### DATASET EXCERPTS
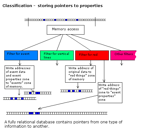 A database is a collection of signs. A fully relational database is a database arranged in related sets with all relationships represented by pointers or connections. In conventional usage a relational database is similar but more sophisticated, redundant relationships and wasteful storage being avoided. Conventional relational databases obey "Codd's laws". An hierarchical database only contains pointers that point from the top of a classification hierarchy downwards. Events and persistent objects are also known as entities, the output of filters related to entities are known as the attributes of the entity. In practice a system requires an event filter to record an entity (in a computer system the event filter is usually a single data entry form and the attributes are filtered using boxes on the screen to receive typed input).
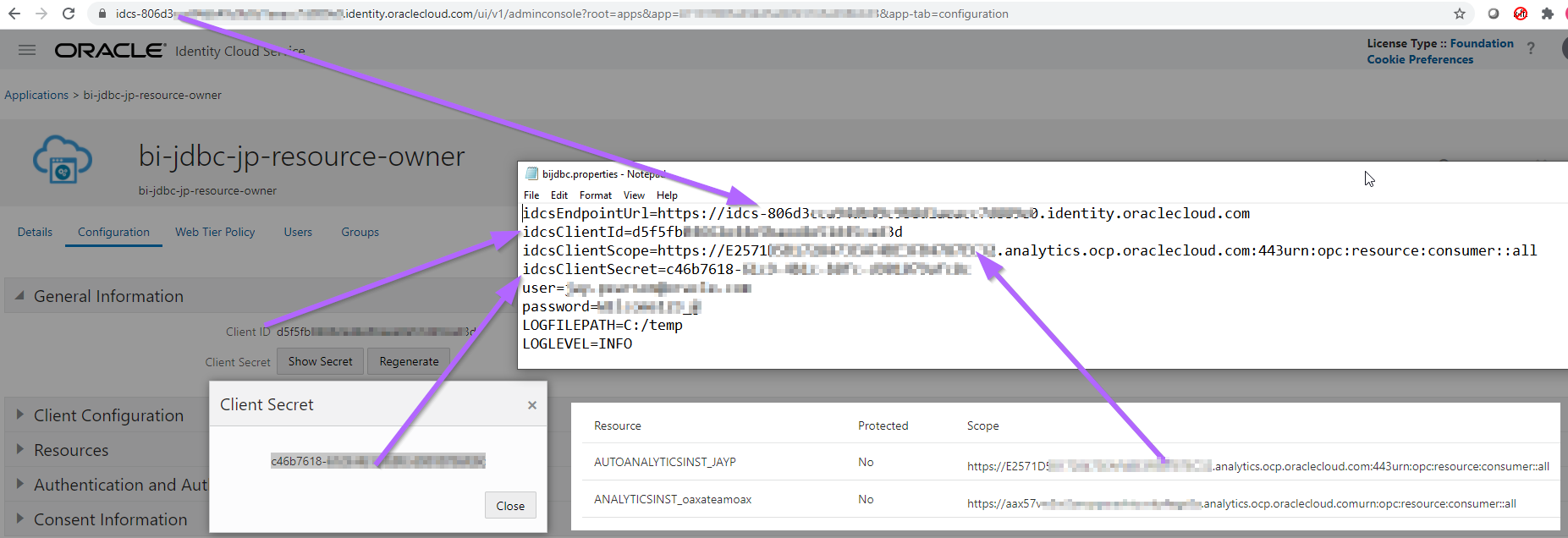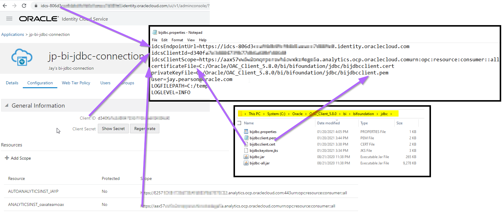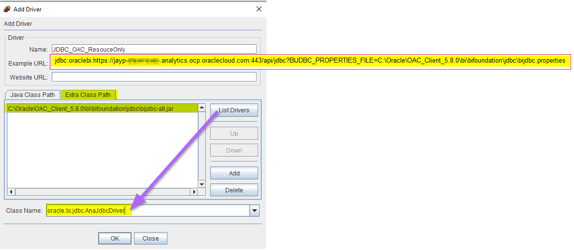 Example URL: jdbc:oraclebi:https://jayp-xxx.analytics.ocp.oraclecloud.com:443/api/jdbc?BIJDBC_PROPERTIES_FILE=C:\Oracle\OAC_Client_5.8.0\bi\bifoundation\jdbc\bijdbc.properties
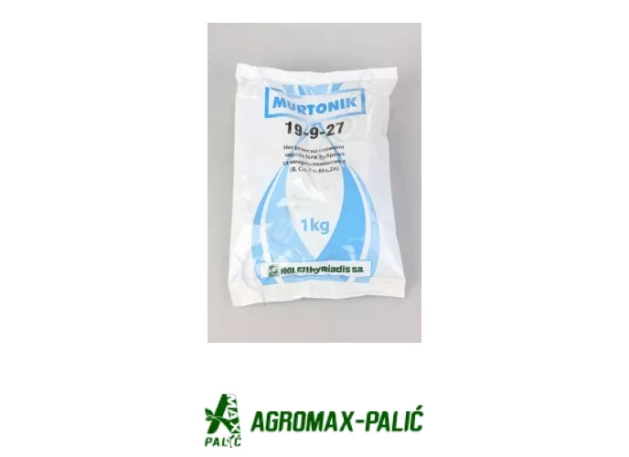 Neorgansko složeno čvrsto NPK đubrivo sa mikroelementima (B, Cu, Fe, Mn,Zn), kristalna vodotopiva đubrivo Doza, koncentracija: 0,5-2,5g/l vode Preporučena količina, vreme i način primene: Murtonik 19:9:27 je đubrivo koje se primenjuje u različitim kulturama (povrće, voće, vinova loza) posle formiranja plodova, u krompiru posle cvetanja, u ratarskim kulturama najčešće uz herbicidne ili fungicidne tretmane.
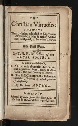 The Christian Virtuoso (1690) was one of the last books published by Robert Boyle,[1] who was a champion of his Anglican faith. This book summarised his religious views,[2] including his idea of a clockwork universe created by God.[3][4] Boyle was a devout Anglican, and with the rise of science and reason during his lifetime, was troubled by increasing atheism. This spurred him to write about his belief of science and religion supporting each other.[5]
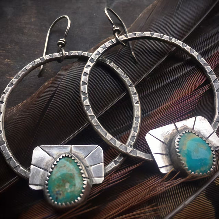 Handmade Bohemian 925 Silver Hoop Earrings with Turquoise
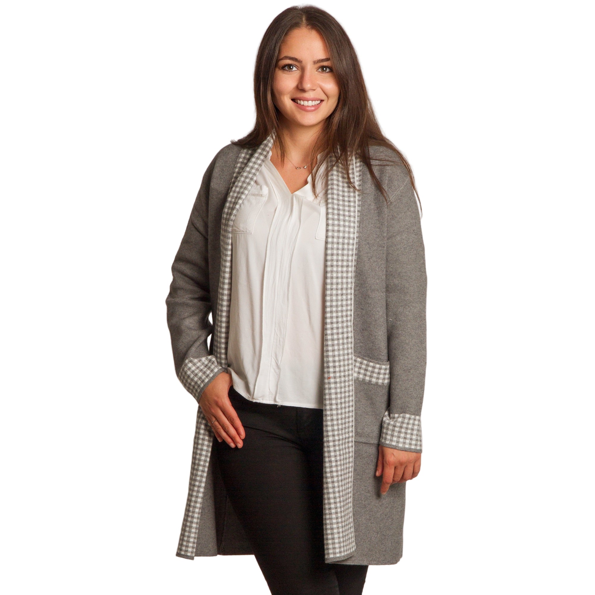 Стилна и универсална жилетка в големи размери, изработена в класически сив цвят с акценти от фино каре по ръбовете, джобовете и маншетите. Моделът е без закопчаване, с права кройка, която осигурява комфорт и свобода на движение. Подходяща е както за ежедневието, така и за по-елегантни поводи през есенно-зимния сезон.
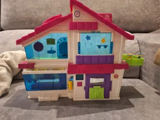 Casa de juguete Pin y Pon con varios niveles y accesorios. - Incluye jardín exterior. - Cocina equipada en la planta baja. - Baño y habitaciones en la planta superior. - Techo decorado con detalles. - Ventanas y puertas de colores vivos.
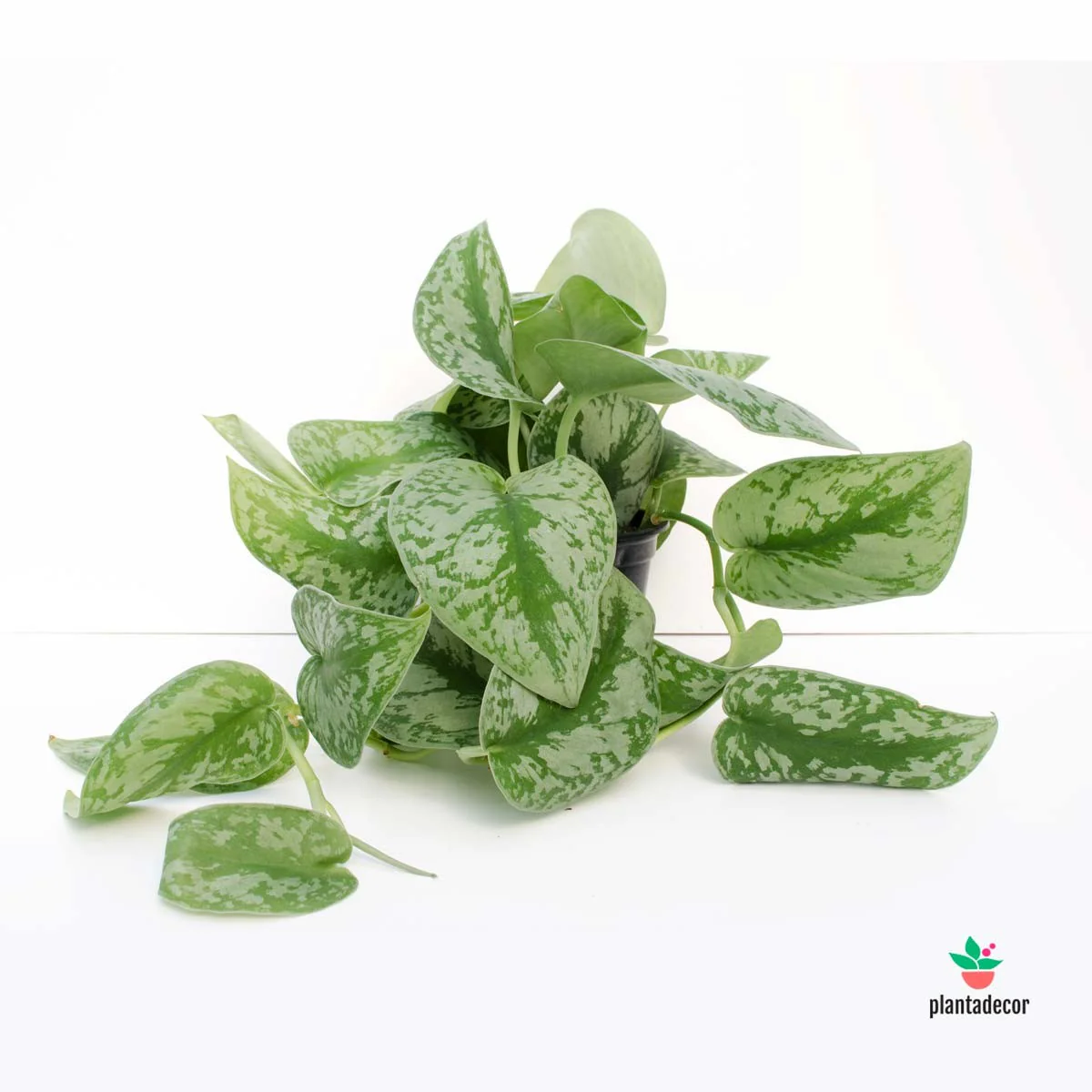 El Scindapsus pictus ‘Trebie’ es una planta trepadora o colgante muy apreciada por su follaje verde oscuro salpicado de grandes manchas plateadas, que aportan un contraste luminoso y sofisticado. Sus hojas, de mayor tamaño que las de otras variedades como Argyraeus, convierten a esta planta en un ejemplar imponente y decorativo.

### INSTRUCTIONS FOR THE TASK
From the line with "Neorgansko složeno čvrsto" through the final line of the data above, copy everything exactly, both ends included, but not the pictures.

### RESPONSE TO THIS TASK
 Neorgansko složeno čvrsto NPK đubrivo sa mikroelementima (B, Cu, Fe, Mn,Zn), kristalna vodotopiva đubrivo Doza, koncentracija: 0,5-2,5g/l vode Preporučena količina, vreme i način primene: Murtonik 19:9:27 je đubrivo koje se primenjuje u različitim kulturama (povrće, voće, vinova loza) posle formiranja plodova, u krompiru posle cvetanja, u ratarskim kulturama najčešće uz herbicidne ili fungicidne tretmane.
 The Christian Virtuoso (1690) was one of the last books published by Robert Boyle,[1] who was a champion of his Anglican faith. This book summarised his religious views,[2] including his idea of a clockwork universe created by God.[3][4] Boyle was a devout Anglican, and with the rise of science and reason during his lifetime, was troubled by increasing atheism. This spurred him to write about his belief of science and religion supporting each other.[5]
 Handmade Bohemian 925 Silver Hoop Earrings with Turquoise
 Стилна и универсална жилетка в големи размери, изработена в класически сив цвят с акценти от фино каре по ръбовете, джобовете и маншетите. Моделът е без закопчаване, с права кройка, която осигурява комфорт и свобода на движение. Подходяща е както за ежедневието, така и за по-елегантни поводи през есенно-зимния сезон.
 Casa de juguete Pin y Pon con varios niveles y accesorios. - Incluye jardín exterior. - Cocina equipada en la planta baja. - Baño y habitaciones en la planta superior. - Techo decorado con detalles. - Ventanas y puertas de colores vivos.
 El Scindapsus pictus ‘Trebie’ es una planta trepadora o colgante muy apreciada por su follaje verde oscuro salpicado de grandes manchas plateadas, que aportan un contraste luminoso y sofisticado. Sus hojas, de mayor tamaño que las de otras variedades como Argyraeus, convierten a esta planta en un ejemplar imponente y decorativo.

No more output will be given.